*** Block opens ***

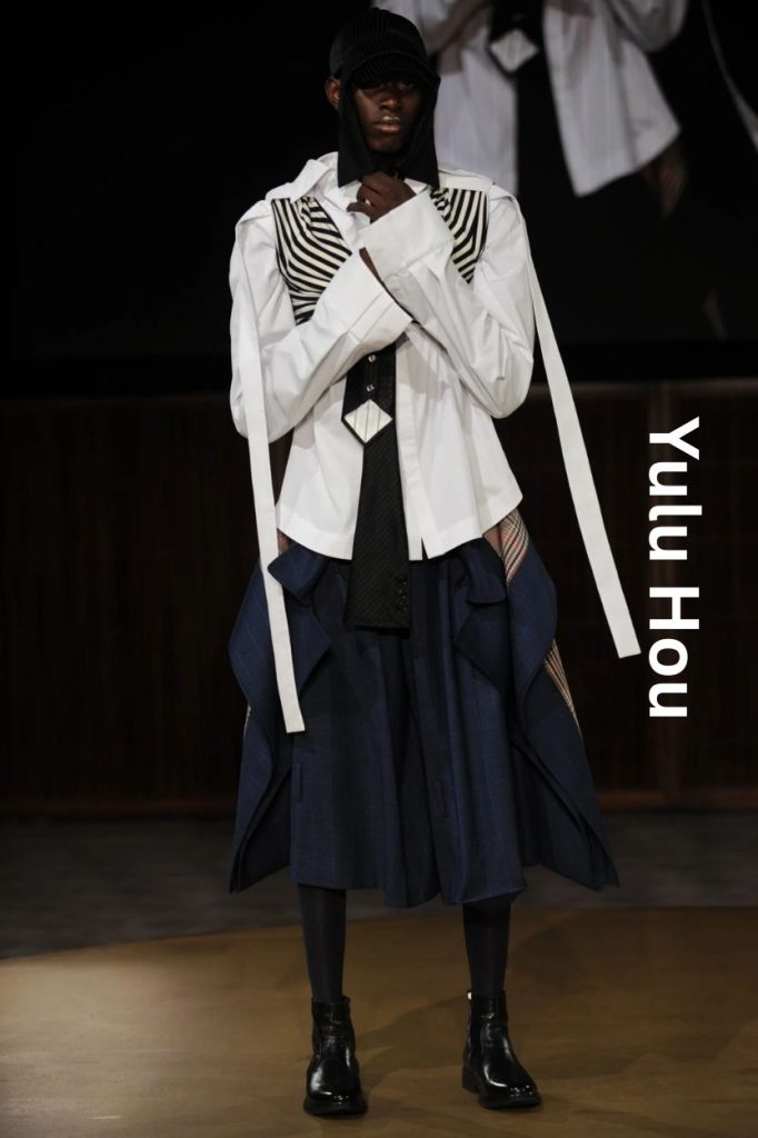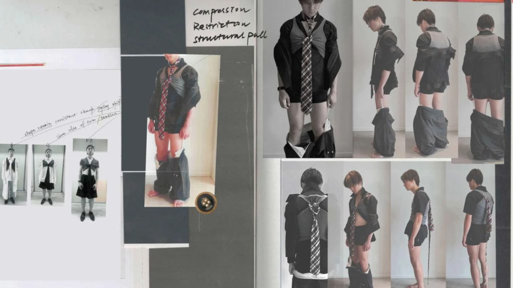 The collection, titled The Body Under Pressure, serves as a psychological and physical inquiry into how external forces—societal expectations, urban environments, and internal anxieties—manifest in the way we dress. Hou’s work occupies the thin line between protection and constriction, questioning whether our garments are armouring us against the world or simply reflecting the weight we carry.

*** Block closes ***
*** Block opens ***

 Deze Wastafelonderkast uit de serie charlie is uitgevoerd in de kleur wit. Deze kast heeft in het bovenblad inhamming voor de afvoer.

*** Block closes ***
*** Block opens ***

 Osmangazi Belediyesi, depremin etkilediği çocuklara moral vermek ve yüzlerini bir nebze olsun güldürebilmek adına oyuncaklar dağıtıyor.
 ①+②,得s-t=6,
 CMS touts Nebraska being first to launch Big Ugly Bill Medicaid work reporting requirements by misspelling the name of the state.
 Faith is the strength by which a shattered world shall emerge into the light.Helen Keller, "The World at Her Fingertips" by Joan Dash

*** Block closes ***

◆ **Task**
Only the lines above from the line with "Osmangazi Belediyesi, depremin" to the line with "Faith is the", those two lines included, should be reproduced exactly.

◆ **Task solution**
 Osmangazi Belediyesi, depremin etkilediği çocuklara moral vermek ve yüzlerini bir nebze olsun güldürebilmek adına oyuncaklar dağıtıyor.
 ①+②,得s-t=6,
 CMS touts Nebraska being first to launch Big Ugly Bill Medicaid work reporting requirements by misspelling the name of the state.
 Faith is the strength by which a shattered world shall emerge into the light.Helen Keller, "The World at Her Fingertips" by Joan Dash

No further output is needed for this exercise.